You Suck
I just read Bil's post reminding him to post about the word "suck," and since I am pretty sure he's talking about my idea that we discussed a while back, I'm going to go ahead and post it before he does. We were talking about the widespread usage of the word "sucks" as a slang term for something bad, and I had one of my patented brilliant ideas where I peer into the soul of my fellow man and find truth. Behold:
Everyone under a certain age (and many people over it) use the word "sucks" as a synonym for bad, awful, unfair, unfortunate, pretty much anything negative. That's pretty weird, when you think of it, since vacuums or animal feeding strategies or other literal sucking things aren't really bad, per se. So how did this verb come to its slang meaning?
The thought I came up with was this: there's an implied word after sucks in the popular parlance, and that word is "dick." When people say something sucks, the implication is that it in fact "sucks dick," which is a bad thing. There's more to that, though, because I'm pretty sure you'd be hard pressed to find guys who would say that being on the receiving end of that particular action would be a bad thing. That leaves the negative part to the one doing the actual dick sucking, and that would be women and gay men. Keeping in line with the whole judeo-christia-facist obsession with controlling everyone's behavior, we have this deeply ingrained sense of dick sucking as dirty and wrong, just like sexually active women and queers.
Amazing how steathily this little piece of mysogeny and gay bashing inserted itself into the vocabulary of 9 year olds, huh? And just like a Tyler Durden splice job, no one really knows that they've said it, but they did. (Tyler: "A nice, big, COCK")
My mom used to yell at me for saying something sucked, which I never understood. Sucks isn't a bad word, mom! I don't think she thought out this line of reasoning, but deep down she knew, just as sure as we know gay guys and girls with dicks in their mouths are bad.

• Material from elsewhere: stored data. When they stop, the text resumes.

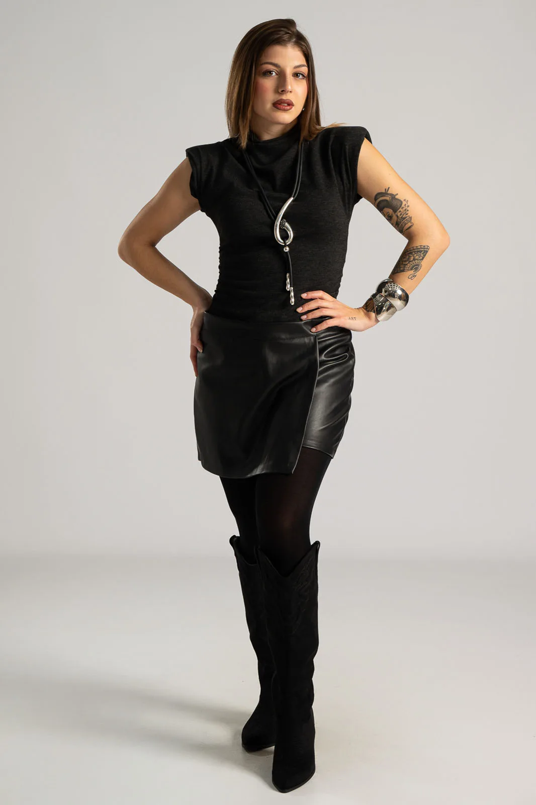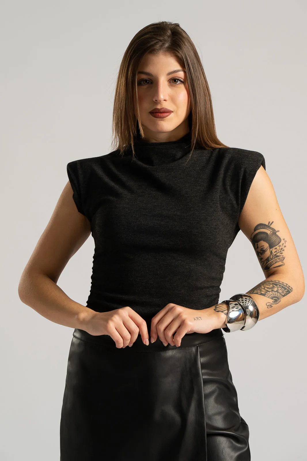 Blouse with compact knit fabric and lupeto neckline. It is sleeveless and has shoulder pads. It has pleats on the sides. The measurements in the table are representative for each product. 69% polyester, 28% viscose, 3% elastane.
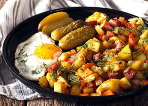Pyttipanna: Es una comida variada hecha en trocitos, tradicionalmente consiste en patata (papa), cebolla, y cualquier tipo de carne o salchicha, todo ello en cubos y frito en sarten, suele servirse con huevo frito, remolacha encurtida en trozos, pepinillos y alcaparras.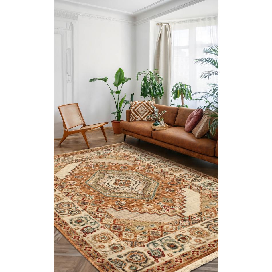 The New Nomad Traditional Terracotta Rug features a striking geometric medallion design inspired by classic Persian and Middle Eastern rug artistry. The harmonious interplay of Terracotta, Ivory, Soft Beige, Rust Red, Sage Green, Olive Green, Teal Blue, and Charcoal Grey creates a warm and inviting palette perfect for adding depth and character to a room. Machine-woven in Egypt from a premium 80% wool, 20% nylon blend, this rug boasts a Low Profile 6mm textured loop pile with a jute backing, offering durability, resilience, and a comfortably tactile finish underfoot. Ideal for living rooms, dining rooms, and cosy snug areas, this rug pairs beautifully with neutral décor or warm wood tones, making it a versatile choice for traditional and modern interiors alike. A rug grip is recommended to prevent slipping and keep the rug securely in place.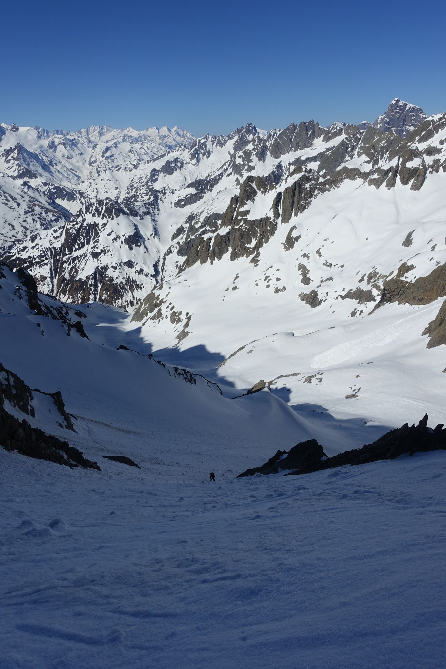 Ab Gorezmettlen die ersten 400m Ski tragen, danach durchgehend noch Schnee. Aufstieg vom Rossfirn in den Sattel mit Steigeisen bei Hartschnee, kein Eis. Ging sehr gut. Abfahrt vom Gipfel 11:20. Gipfelhang sehr feucht, vom Sattel zum Rossfirn hinunter Hartschnee, danach herrlicher Frühlingssulz. Wir waren heute alleine auf diesem Gipfel. Etwas überraschend bei diesem Wetter und herrlichen Bedingungen.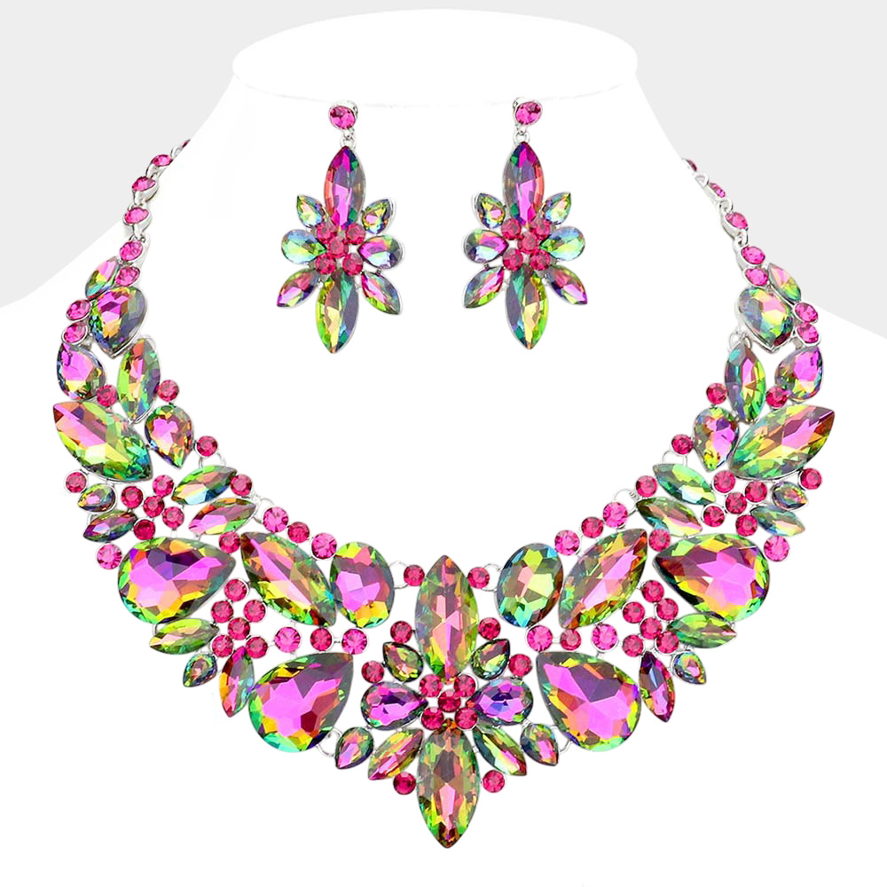 Teardrop Stone Cluster Embellished Evening Necklace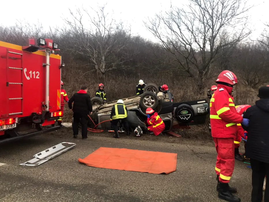 Mașină răsturnată, cu victime blocate înăuntru. Imagini horror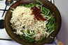 Skær kødet i tynde strimler. Pisk ingredienserne til saucen sammen i en skål. Varm wokken op og slyng olien rundt i den. Svits hvidløg og løg hurtigt til de får lidt farve. Kom lam i tynde strimler og kål i wokken og svits 2-3 minutter. Kom nudler, ærter og bønnespirer i sammen med saucen og varm det hele igennem. Vend hele tiden i det. Smag til med soja og chilisauce og evt. salt og peber. Kom agurken på til sidst evt. sammen med frisk koriander og server straks. |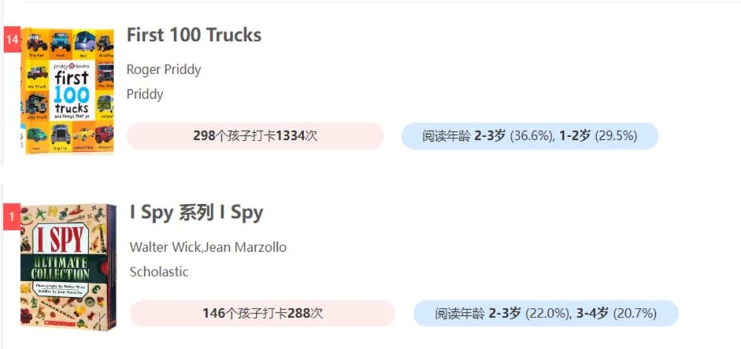 还有《First 100》系列也是被翻烂的程度。学乐出版的《I Spy》系列不但可以增加词汇量还可以锻炼孩子的观察能力。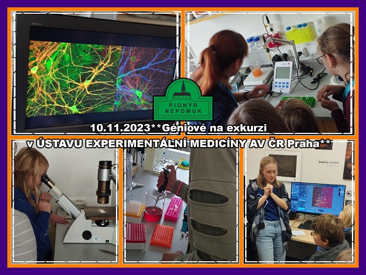 Ráno 10.11.2023 jsme se sešeli na Pionýru, řekli si co nás celý den bude čekat a vydali jsme se směr nádraží, odkud jsme vlakem jeli do Plzně. V Plzni jsme šli na oběd a poté jsme nasedli na vlak směr Praha. V Praze na nás čekala exkuzre v laboratoři Neurochemie, kde se děti seznámily s laboratorním náčiním. Děti si zkusily pipetovat, odměřit přesné množství kapaliny, vyzkoušely si, jako se odstřeďuje, prohlédli si myší mozek a dozvěděli se jak funguje náš mozek a jak vypadají neurony. V laboratoři plné mikroskopů si děti vyzkoušely práci s mikroskopem a zkumaly neurony v mozku. Poté nás čekala cesta zpět domů. Celý den jsme si velice užili.**LenkaSk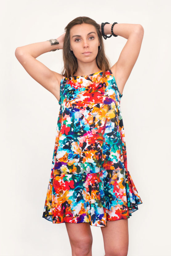 Vestido ancho, corto con volante en el ruedo y sin mangas. En lycra estampado floreado colores. Talla S M L XL.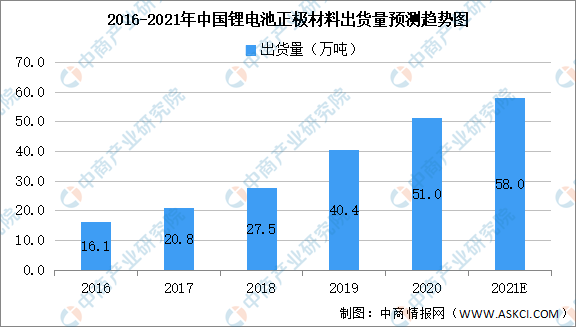 數(shù)據(jù)顯示,我國鋰電池正極材料出貨量由2016年16.1萬噸增至2020年51.0萬噸,年均復(fù)合增長率為33.4%。中商產(chǎn)業(yè)研究院預(yù)測,2021年我國正極材料出貨量可達58.0萬噸。

April 3rd, 2004 at 12:40 am
Nice. Actually, I’m glad you did that, since I doubt I could match your colorful explanation.
April 3rd, 2004 at 1:01 am
intriguing post, 2nd only to “we are friends,” by em.
April 3rd, 2004 at 9:56 am
i love to eat eat eat apples and bananas i love to oat oat oat opples and banonos like u
April 3rd, 2004 at 2:17 pm
I’ve also heard “sucks eggs,” “sucks ass.” I wouldn’t necessarily dispute your etymological suggestion, but I don’t think it’s automatically mysogynistic or gay-bashing. After all, “fucker” isn’t a hate-filled exhortation against people who copulate.
More likely these phrases are expletives simply on the basis of their shock value. Since sexuality is a deep well of shock value in our culture, our expletives tend toward the sexual.
Less socially accepted sex acts are clearly offer more bang for the buck, linguistically. Not because the speaker has singled out a class of people, but rather they are banking on their audience’s discomfort with the act itself.
April 3rd, 2004 at 2:58 pm
You’re not going back far enough. Why is sex shocking to our culture? It’s an artifact of organized monotheism, which has a long and well documented history of domination of women and marginalization of gays, probably a reaction to the paganism the monos fought against for political power.
And isn’t calling someone a fucker short for motherfucker? That’s the hat trick of disparaging someones family, calling their mother promiscuous, and evoking incest.
April 8th, 2004 at 6:57 pm
You’re correct on the “motherfucker” abbreviation. But, still, people use “fuck” alone–as an expletive and as an epithet. Witness: “You sick fuck!”
I don’t deny that there are prejudices embedded in our language, and I think you have touched on some of them. But when you say that misogyny is inserted in the vocabulary, it’s inserted deep enough to no longer be meaningful.